English marine biologist Helen Scales delivers accessible answers to those kinds of questions in her book, “Spirals in Time: The Secret Life and Curious Afterlife of Seashells.” It’s a history and catalog not just of what those little animals do, but what humans do with them.
For thousands of years, Scales notes, people have buried their notable dead with shells, worn shells on cords as jewelry, included their likenesses in artwork and used them as currency.
Archaeologists found a shell collection among Pompeii’s ash-coated ruins, and Scales introduces readers to the world’s most prolific shell collector — Hugh Cuming — who amassed 83,000 shells by the time he died in 1865. “What is astonishing, though, is how universally shells have come to hold great meaning. Far from being just pretty things to look at, shells have been embraced as powerful emblems of sex and power, of birth and of death,” Scales notes.
Scales dives deeply into the natural history of mollusks and the surprisingly complex things they do. Her explanation of the complicated and glorious process by which an organism makes a shell, and then adorns it with colors and patterns, is riveting.

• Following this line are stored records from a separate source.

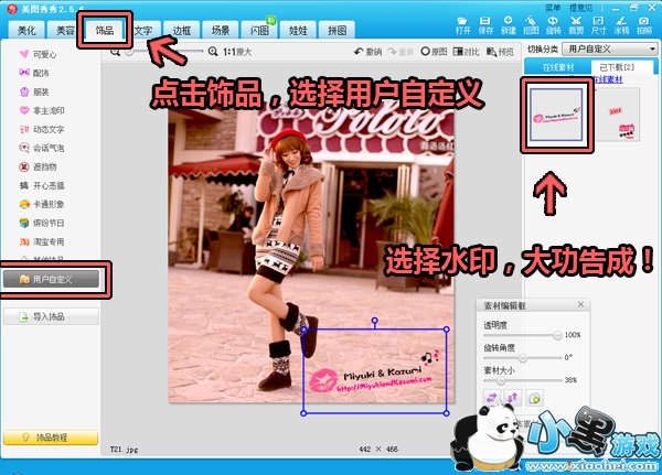 第二步:使用水印。用美图秀秀处理图片时,切换到“饰品”窗口,在窗口左侧饰品分类中选择“用户自定义”,在窗口右侧单击上一步导入的水印,即可为图片打上个性化的烙印(如图6)。
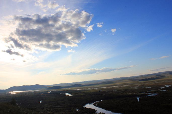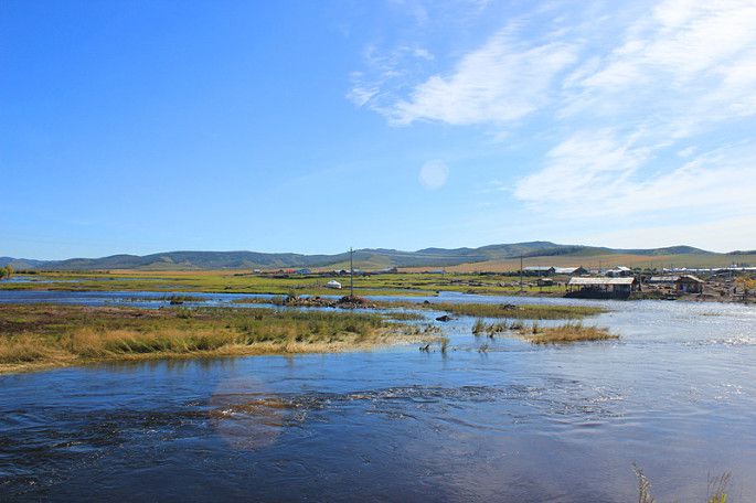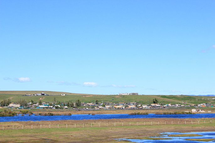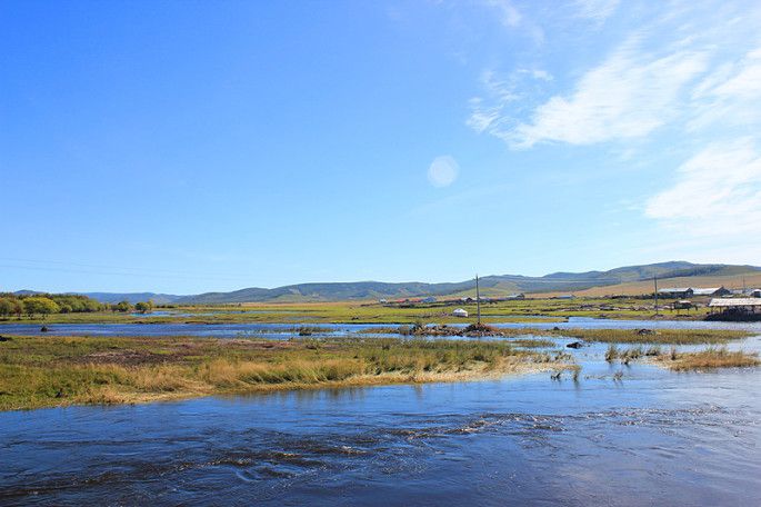 第一个风景点就是位于陈巴尔虎旗境内的莫日格勒河,她发源于大兴安岭西麓,由东北向西南,流经著名的呼伦贝尔大草原,注入呼和诺尔湖后流出,汇入海拉尔河,全长290多公里,属中俄界河额尔古纳河水系。本来是有个景点叫金帐汗的,我们没有开进去,停到了路边,也一样可以看到蒙古包,蓝白的哈达飞扬着,
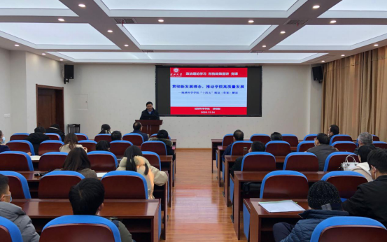 (通讯员 廖鹏程)为全面贯彻十九届五中全会中的“新发展”理念,推动我院“十四五”期间高质量发展,12月24日下午16时,我院院长胡明毅在yl7703永利集团C301会议室给全体党员教师作了题为“贯彻新发展理念,推动学院高质量发展——yl7703永利集团“十四五”规划(草案)解读”的形势政策宣讲与党课。
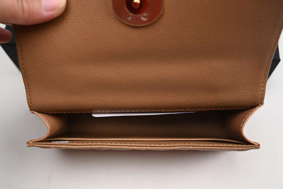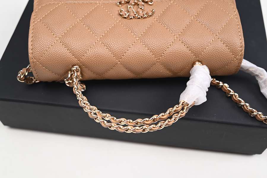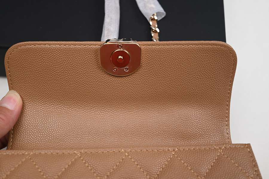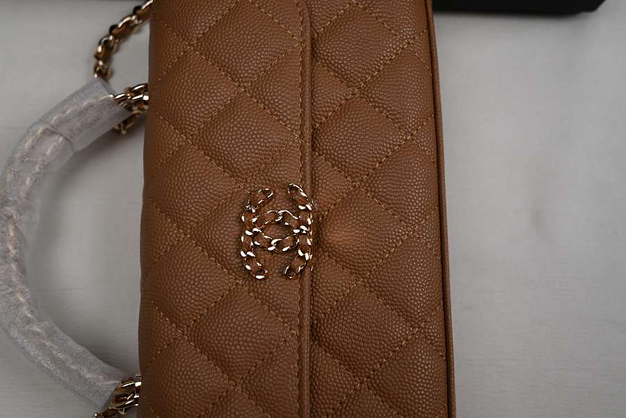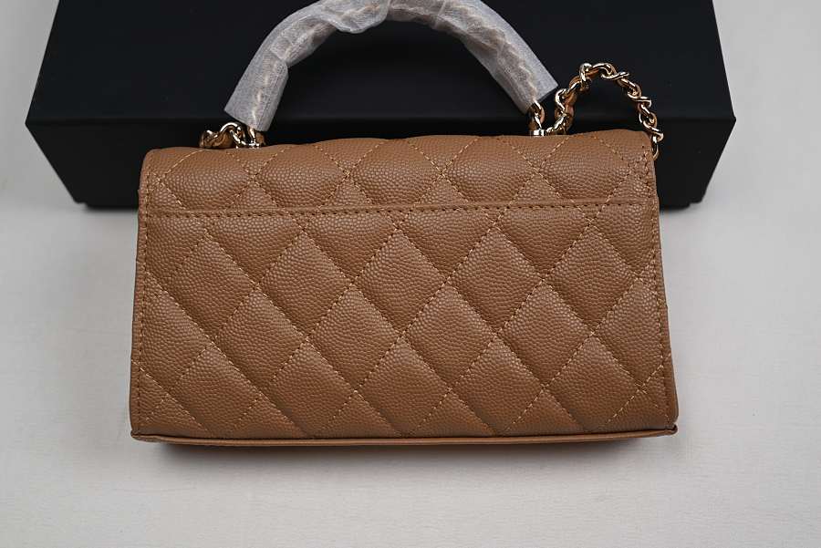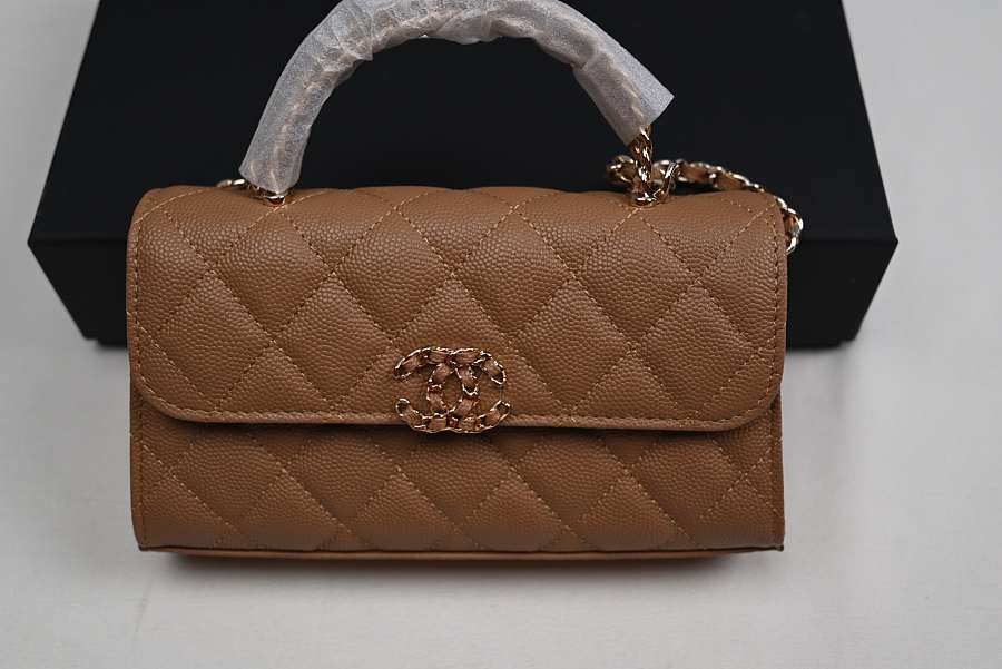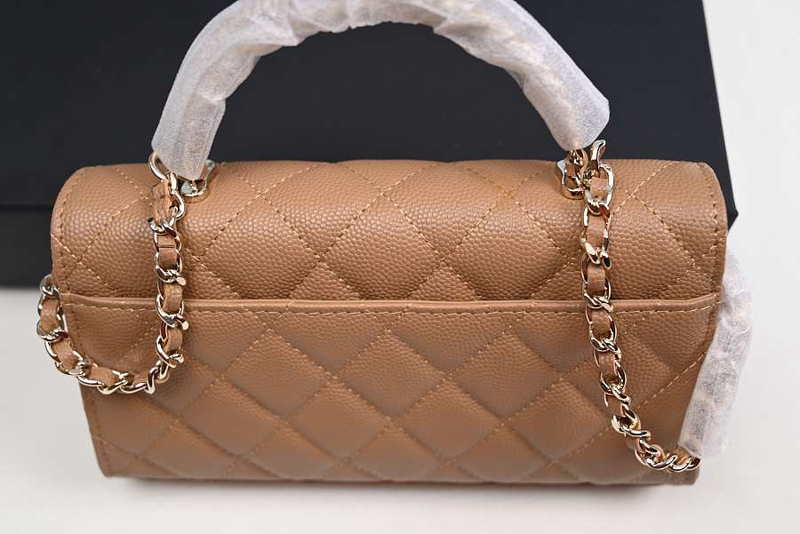 Chanel Long Mini Flap with Top Handle and Chain CC, Brown Caviar with Gold Hardware

Her anecdotes about hermit crabs, and their castoff homes, include describing a researcher who “put hermit crabs on little treadmills.” She discusses how the nautilus makes its many-chambered shell and how one kind of cone snail (there are 700 species) poisons a fish, “distends its mouth to grotesque proportions,” and swallows it. If that isn’t enough to disqualify it as a dinner guest, it then “regurgitates a pile of bones and scales.”
Shells might protect mollusks from undersea predators, but that armor is what makes them so vulnerable to predation from us. The shells you see for sale weren’t collected when the inhabitants were finished using them. The international shell trade collects its goods by the quickest way possible, which means disaster for the fragile environments that support species, such as coral reefs and kelp beds.
A species of my old friend the triton has completely disappeared from the Indo-Pacific region. If left alone, mollusks also suffer from the rising temperature and acidification levels of the seas.
Many marine organisms require stable pH levels to survive, Scales writes; “calcifiers,” or animals that make their own skeletons and shells, are especially imperiled by warming and polluted waters. A continued change in ocean chemistry will cause many calcifiers to melt away. We must change our ways, Scales insists: “If we act now, there’s hope that in the years ahead there will still be a wealth of wonders in the oceans … There will still be beautiful shells washing up on beaches, where people will find them and wonder where they came from, and how they were made.”
Book Review
‘Spirals in Time’
By Helen Scales, Bloomsbury. 304 pages, $27.